Laboratory of Neuroimmunology and Developmental Origins of Disease (NIDOD), University Medical Center Utrecht, Utrecht, The Netherlands.
Psychoneuroendocrinology. 2012 Nov;37(11):1822-36. doi: 10.1016/j.psyneuen.2012.03.018. Epub 2012 Apr 12.
Posttraumatic stress disorder (PTSD), major depressive disorder (MDD), and severe fatigue may develop in response to severe stress and trauma. These conditions have all been shown to be associated with altered sensitivity of leukocytes for regulation by glucocorticoids (GCs). However, it remains unknown whether sensitivity of leukocytes for GCs is a pre-existing vulnerability factor, or whether GC-sensitivity of leukocytes alters as a consequence of stress and stress-related conditions. Our aim was to investigate whether sensitivity of T-cells and monocytes for regulation by GCs (i.e. dexamethasone: DEX) assessed before military deployment predicts high levels of PTSD, depressive, and/or fatigue symptoms 6 months after return from deployment.

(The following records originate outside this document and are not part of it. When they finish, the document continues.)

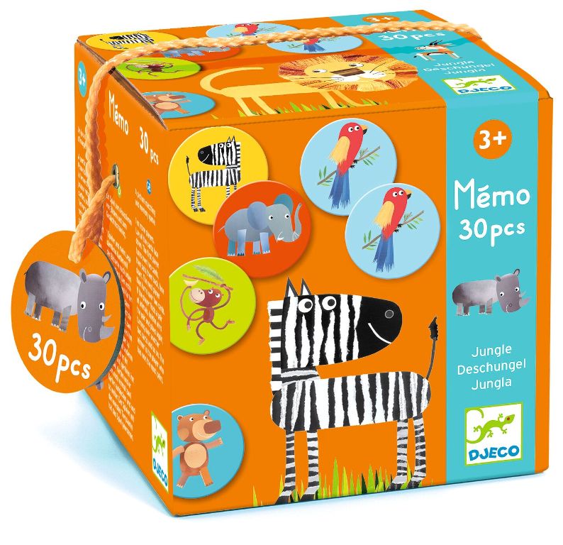 Offrez un moment ludique et stimulant avec ce jeu de mémoire Mémo Jungle de Djeco, parfait pour les jeunes enfants. Sur le thème coloré et amusant des animaux de la jungle, ce jeu invite les participants à retourner des cartes pour retrouver des paires identiques. À chaque tour, les joueurs doivent faire preuve d’attention et de mémoire afin de se souvenir des positions des différentes tuiles. Adapté dès 3 ans, ce jeu éducatif favorise le développement de la concentration et des capacités d’observation tout en garantissant des parties rapides et joyeuses à partager en famille ou entre amis ! Retrouvez la marque DJECO chez Bonnie Bonnie !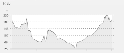 コースの途中には鈴鹿市と菰野町をまがつかなりきつい上り坂、そして下り坂があり、キロ6分ほどのゆっくりペースでもかなりの負荷を感じながらのランとなりました。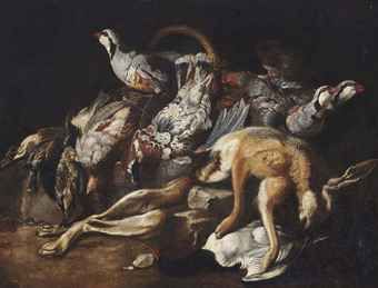 | A dead hare, partridges and other game on a stone ledge | |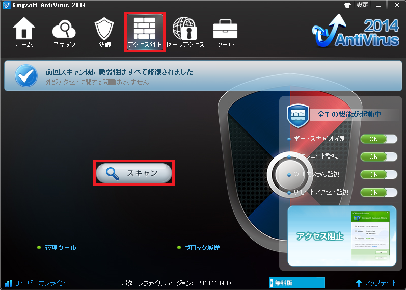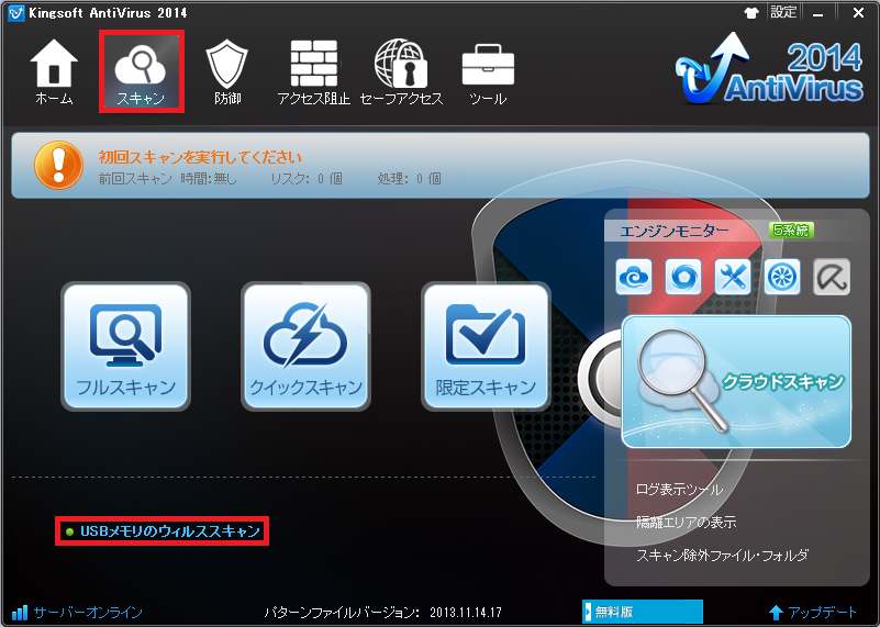 起動画面です。スキャンをクリックします。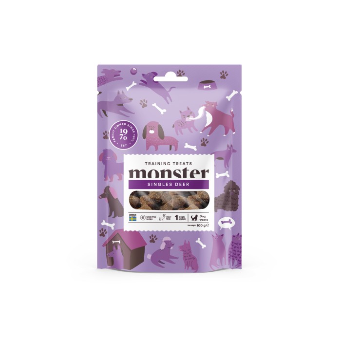Dessa smulfria godbitar är lämpliga för alla hundar och kan enkelt tas med i fickan, vilket gör dem till det ultimata valet för aktiva hundägare. Monster Training Treats är inte bara ett smakfullt sätt att belöna din hund, de hjälper även till att motivera din hund under träningspass. Med sin praktiska 100g-förpackning är de enkla att ta med på promenader eller träningspass, och fungerar utmärkt som en extra belöning. Ge din hund uppskattning på ett hälsosamt sätt.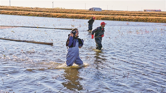 10月12日,在黑龍江撫遠蔓越莓基地,科普時報記者季春紅采訪工人們利用拉網(wǎng)的方式收集蔓越莓。畢玉才 攝

We included 526 male military personnel before deployment to Afghanistan. Logistic regression analysis was performed to predict fatigue, depressive, and PTSD symptoms 6 months after deployment based on sensitivity of LPS-induced TNF-α production and PHA-induced T-cell proliferation to DEX-inhibition before deployment.
Severe fatigue 6 months after deployment was independently associated with low DEX-sensitivity of monocyte TNF-α production before deployment. A high level of depressive symptoms after deployment was independently associated with a low DEX-sensitivity of T-cell proliferation. In contrast, a high level of PTSD symptoms after deployment was independently associated with a high DEX-sensitivity of T-cell proliferation before deployment, but only in individuals who reported PTSD symptoms without depressive symptoms. The predictive value of DEX-sensitivity was independent of childhood trauma and GR number, GR subtype and GR target gene mRNA expression in leukocytes.
We present here for the first time that the sensitivity of leukocytes for GCs prior to deployment is a predictive factor for the development of PTSD, depressive and fatigue symptomatology in response to deployment. Notably, PTSD, depressive and fatigue symptoms were differentially associated with GC-sensitivity of monocytes and T-cells and therefore may have different biological underpinnings.
创伤后应激障碍(PTSD)、重性抑郁障碍(MDD)和严重疲劳可能是对严重应激和创伤的反应。这些病症都已被证明与白细胞对糖皮质激素(GCs)调节的敏感性改变有关。然而,白细胞对 GCs 的敏感性是否是一种预先存在的易感性因素,或者白细胞对 GCs 的敏感性是否会因应激和应激相关状况而改变,仍不清楚。我们的目的是研究 T 细胞和单核细胞对 GCs(即地塞米松:DEX)调节的敏感性(即 LPS 诱导的 TNF-α 产生和 PHA 诱导的 T 细胞增殖对 DEX 抑制的敏感性),是否可预测从部署返回后 6 个月时的 PTSD、抑郁和/或疲劳症状的严重程度。
我们在部署到阿富汗之前纳入了 526 名男性军事人员。使用逻辑回归分析来预测部署后 6 个月时的疲劳、抑郁和 PTSD 症状,预测因子为部署前 LPS 诱导的 TNF-α 产生和 PHA 诱导的 T 细胞增殖对 DEX 抑制的敏感性。
部署后 6 个月时严重疲劳与部署前单核细胞 TNF-α 产生的 DEX 低敏感性独立相关。部署后出现高抑郁症状与 T 细胞增殖的 DEX 低敏感性独立相关。相比之下,部署后出现高 PTSD 症状与部署前 T 细胞增殖的 DEX 高敏感性独立相关,但仅在报告 PTSD 症状而无抑郁症状的个体中如此。DEX 敏感性的预测价值独立于童年创伤和白细胞中的 GR 数量、GR 亚型和 GR 靶基因 mRNA 表达。
我们在此首次提出,部署前白细胞对 GCs 的敏感性是 PTSD、抑郁和疲劳症状在部署后发生的预测因子。值得注意的是,PTSD、抑郁和疲劳症状与单核细胞和 T 细胞对 GCs 的敏感性不同相关,因此可能具有不同的生物学基础。